Liz Truss U-turns on promise to scrap corporation tax rise

The Prime Minister said that she must act in the national interest.

Liz Truss has ditched her plan to scrap the increase in corporation tax in a major U-turn.

The policy reversal signifies a huge change of direction for the Prime Minister, having promised to Conservative Party members in the leadership contest to keep the tax at 19%.

Her leadership rival in the contest, Rishi Sunak, had set out plans to raise corporation tax to 25%.

Sunak announced the increase in March this in his role as chancellor under Boris Johnson.

It had been due to be raised to 25% from 2023, but Truss pledged to scrap the planned increase.

She claimed that it would have been “wrong” to raise the tax while trying to attract investment into the UK.

The Prime Minister held a press conference at Downing Street on Friday following the dramatic sacking of Kwasi Kwarteng as chancellor, with Jeremy Hunt named as his successor.

Setting out her reasoning for the U-turn on corporation tax, Truss claimed that increasing the tax to 25% would raise £18bn per year.

“It is clear that parts of our mini-budget went further and faster than markets were expecting,” she said.

“So the way we are delivering our mission right now has to change. We need to act now to reassure the markets of our fiscal discipline.

“I have therefore decided to keep the increase in corporation tax that was planned by the previous government.

“This will raise £18bn per year. It will act as a down payment on our full medium-term fiscal plan which will be accompanied by a forecast from the independent OBR.

“We will do whatever is necessary to ensure debt is falling as a share of the economy in the medium term.”

Truss said that it was right to act in the national interest.

She said: “I am determined to deliver on what I set out when I campaigned to be party leader.

“We need to have a high-growth economy but we have to recognise that we are facing very difficult issues as a country.

“And it was right, in the national interest, that I made the decisions I’ve made today to restore that economic stability so we can deliver.

“First of all helping people through this winter and next winter with their energy bills, but also making sure that our country is on the long-term footing for sustainable economic growth.”

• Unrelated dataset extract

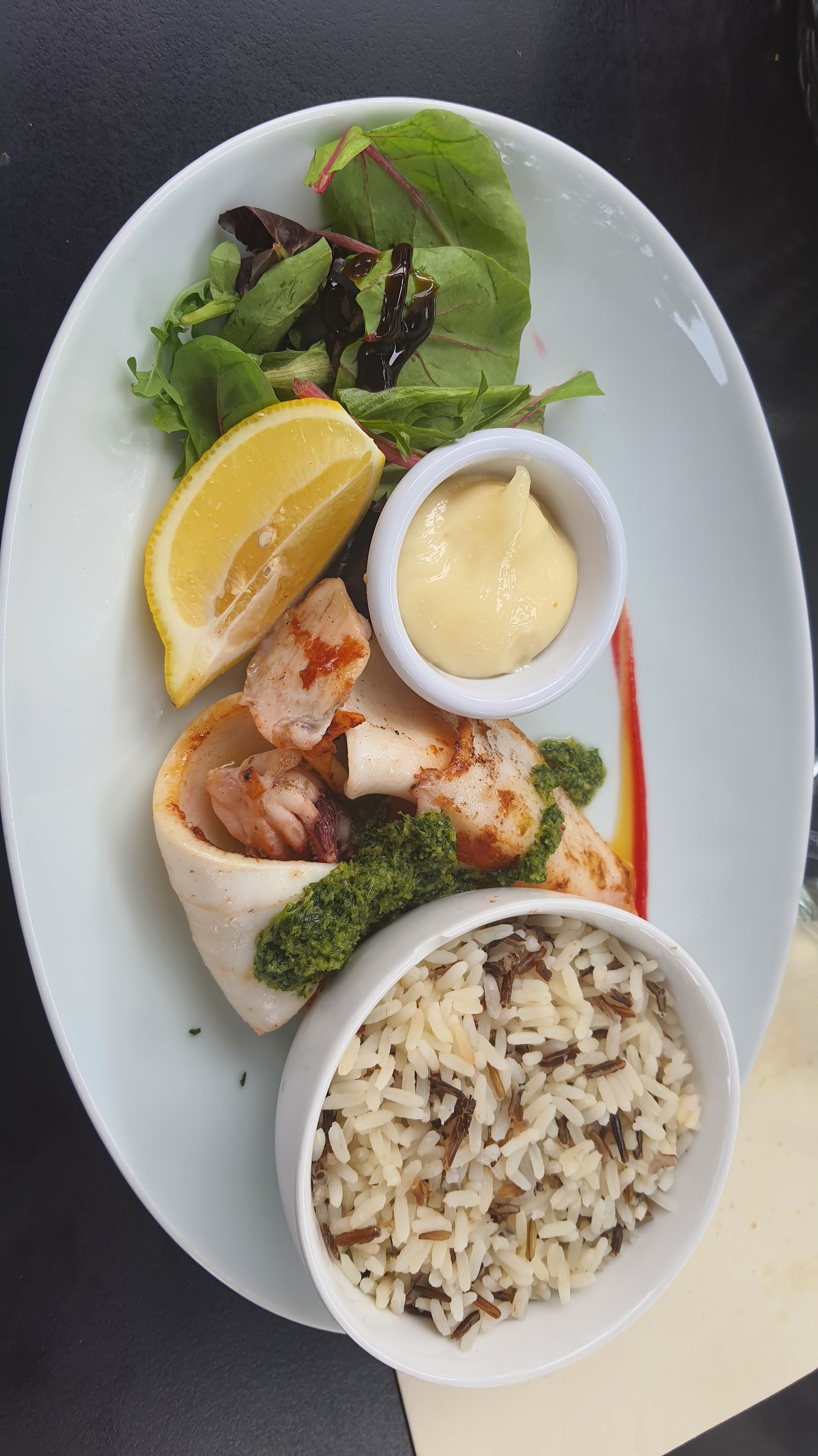 Le cadre est magnifique vue sur la mer une très belle déco du resto Personnel hyper sympa et super bien manger .. je vous le recommande

The Prime Minister described the decisions being taken as “difficult”, but insisted on the need to deliver for people across the country.

“My priority is making sure we deliver the economic stability that our country needs,” said Truss.

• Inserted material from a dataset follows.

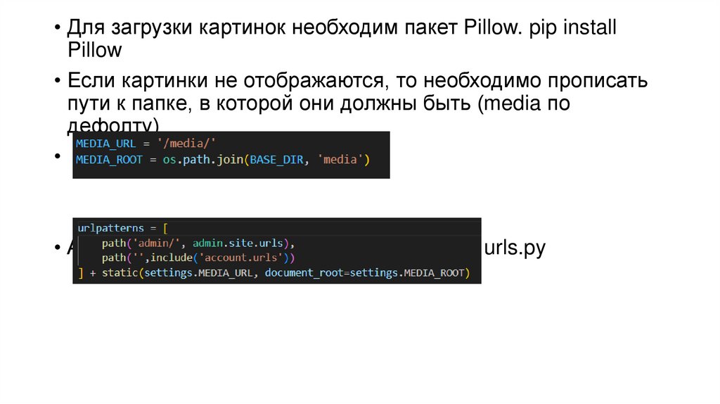• Для загрузки картинок необходим пакет Pillow. pip installPillow

“That’s why I had to take the difficult decisions I’ve taken today.

“The mission remains the same. We do need to deliver for people across the country.

“We’re committed to delivering on the energy price guarantee which people are already seeing in their bills.

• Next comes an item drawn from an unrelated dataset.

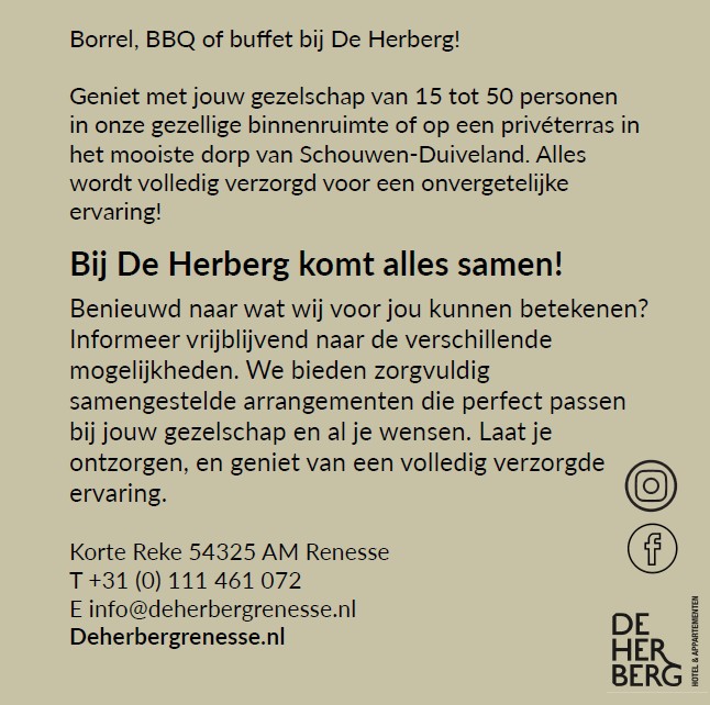 Iets te vieren? Kom samen bij De Herberg. Voor een onvergetelijke verjaardag, bedrijfsborrel, babyshower of andere bijeenkomst. In het sfeervolle hart van Renesse. U kunt bij ons terecht met groepen tussen de 20 en 50 personen. Op ons gezellige terras dat volledig voor u ter beschikking staat. Eventueel in combinatie met onze ontbijtzaal of onze hotelkamers en appartementen. Zin in borrelhapjes, taart, BBQ of een buffet? Zoet, hartig, met vis, vlees, liever vegetarisch of vegan? Het is allemaal bespreekbaar. Dat geldt ook voor muziek, inrichting en decoratie.

“But ultimately, we also need to make sure that we have economic stability and I have to act in the national interest as Prime Minister.”

Scotland’s First Minister Nicola Sturgeon called for Liz Truss to go.

She said: “The best thing Liz Truss could do for economic stability now is resign.

“Her decisions have crashed the economy and heaped misery on people already struggling with a cost of living crisis.

“The only decent thing for Tory MPs to do now is call time on her government and allow an election.”

Labour leader Keir Starmer pledged that his party can help secure Britain’s economy.

“Changing the chancellor doesn’t undo the damage made in Downing Street,” he said.

“Liz Truss’ reckless approach has crashed the economy, causing mortgages to skyrocket and has undermined Britain’s standing on the world stage.

“We need a change in government. With my leadership, Labour will secure Britain’s economy and get us out of this mess.”